The Taliban fighters celebrated victory after driving out the world’s most powerful military out of the country

The Taliban fighters celebrated victory after driving out the world’s most powerful military out of the country
(AFP)

The United States on Monday brought to an end its 20-year war in Afghanistan, withdrawing its last remaining troops.

“My fellow Americans, the war in Afghanistan is now over,” Biden said from the White House.

He added, “I refuse to continue a war that was no longer in the service of the vital national interest of our people”.

General Kenneth McKenzie, the US commander responsible for troops in Afghanistan, announced the end of the war saying “there’s a lot of heartbreak associated with this departure. We did not get everybody out that we wanted to get out.”

McKenzie also said that the US and its allies had evacuated 123,000 civilians but the military had not been able to evacuated every American citizen or Afghan ally.

What happened in the US on September 11, 2001 changed the course of history.

Two airlines flew into the World Trade Center killing nearly 3,000 people – an attack colloquially known as 9/11.

What followed was the US invasion of Afghanistan to root out Al Qaeda in 2001, which was responsible for the September 11 attacks.

The group had allegedly sought sanctuary in the country as well.

The US also toppled the Taliban government, which offered a surrender a few months later but was rejected by the US.

In 2002, the US announced Afghanistan was free of al Qaeda and its strategic goalposts moved to reconstruction of the country.

By this point, the Taliban was reorganising to launch an insurgency in the country, and so, followed years of war that claimed tens of thousands of lives.

Fast forward to 2021. After the US spent billions of dollars to support the Afghan government and its national forces, its collapse and the return of the Taliban this month was a crushing coda to the American military mission in Afghanistan, analysts say.

“The collapse of the Afghan government will have a long-lasting effect on Afghanistan. The collapse of the republic, despite it is flaws and pervasive corruption, was the shattering of many dreams of ordinary educated Afghans who no longer see a future for themselves under the Taliban regime,” Sabir Ibrahimi, a non-resident scholar at NYU’s centre on international cooperation, told TRT World.

And so, the question remains, has the US achieved its goal in this 20-year-old war in Afghanistan?

Retired Army Brigadier General Mark Kimmitt told TRT World that the goal of the US was to kill or capture Osama bin Laden and ensure Afghanistan would never again be a safe haven and sanctuary for terrorist groups.

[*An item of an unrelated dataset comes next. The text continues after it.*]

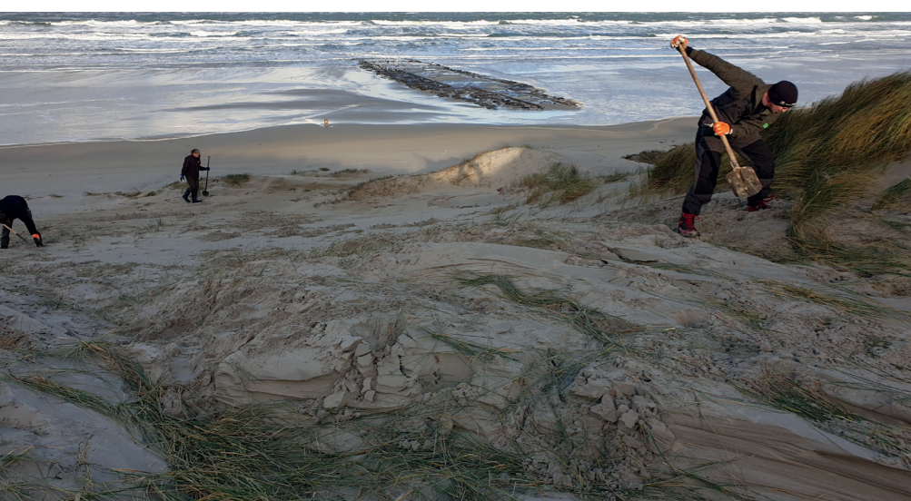
Handmatig helm verwijderen in de kerf bij Pad van 20

“We achieved the first objective and in the February 2020 US-Taliban agreement, the Taliban pledged to ensure the second objective. If the Taliban live up to their pledges, then the US could be said to achieve its initial goals,” he said.

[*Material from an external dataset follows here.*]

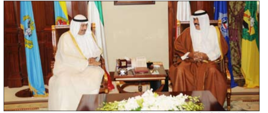
سمو نائب الامير وولي العهد الشيخ نواف الاحمد مستقبلا الشيخ د.محمد الصباح

However, Ibrahimi said the US-Taliban deal gave the armed group an upper hand on ground and in negotiations with Afghan officials.

The deal included a full withdrawal of foreign forces and a Taliban guarantee that Afghan soil will not be used as a launch pad for global attacks.

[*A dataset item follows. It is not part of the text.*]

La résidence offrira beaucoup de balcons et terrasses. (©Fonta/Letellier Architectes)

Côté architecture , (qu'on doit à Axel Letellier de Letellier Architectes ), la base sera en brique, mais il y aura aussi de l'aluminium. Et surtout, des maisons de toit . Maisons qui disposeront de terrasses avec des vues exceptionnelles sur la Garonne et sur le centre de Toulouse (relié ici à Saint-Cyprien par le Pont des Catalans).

“The US emboldened the Taliban with the US-Taliban deal which gave the group an edge. The US also cut air and technical support to the Afghan national security and defense forces which also damaged the morale of the fighters,” says Ibrahimi.

Former CIA Director General David Petraeus said in an interview with TRT World earlier this month that the decision to withdraw troops from Afghanistan would be one that “we would come to regret”.

“I didn’t think we would come to regret it quite as quickly as it seems. We are coming to regret it because clearly the situation is deteriorating very rapidly,” Petraeus, who also commanded US forces in Afghanistan, said.

“Never invade Afghanistan” – British prime minister Harold Macmillan

On Monday around midnight, the Taliban fighters watched the last US planes disappear and then fired their guns into air, celebrating victory after driving out the world’s most powerful military out of the country.

Taliban spokesperson Zabihullah Mujahid said the US had been defeated and that Afghanistan is now a “free and sovereign nation”.

With 150,000 NATO troops in the country at the peak of US’s “war on terror” and thousands of lives lost, many ask if the war was worth it when the Taliban was able to swiftly take back the country in just 10 days.

“The major lesson learned is to avoid “mission creep”, whereby you take on additional missions beyond those that brought the US in initially,” General Kimmitt said.

“Nation building kept the US in Afghanistan longer, in greater numbers, at greater cost and with less chance of success than what brought us in.”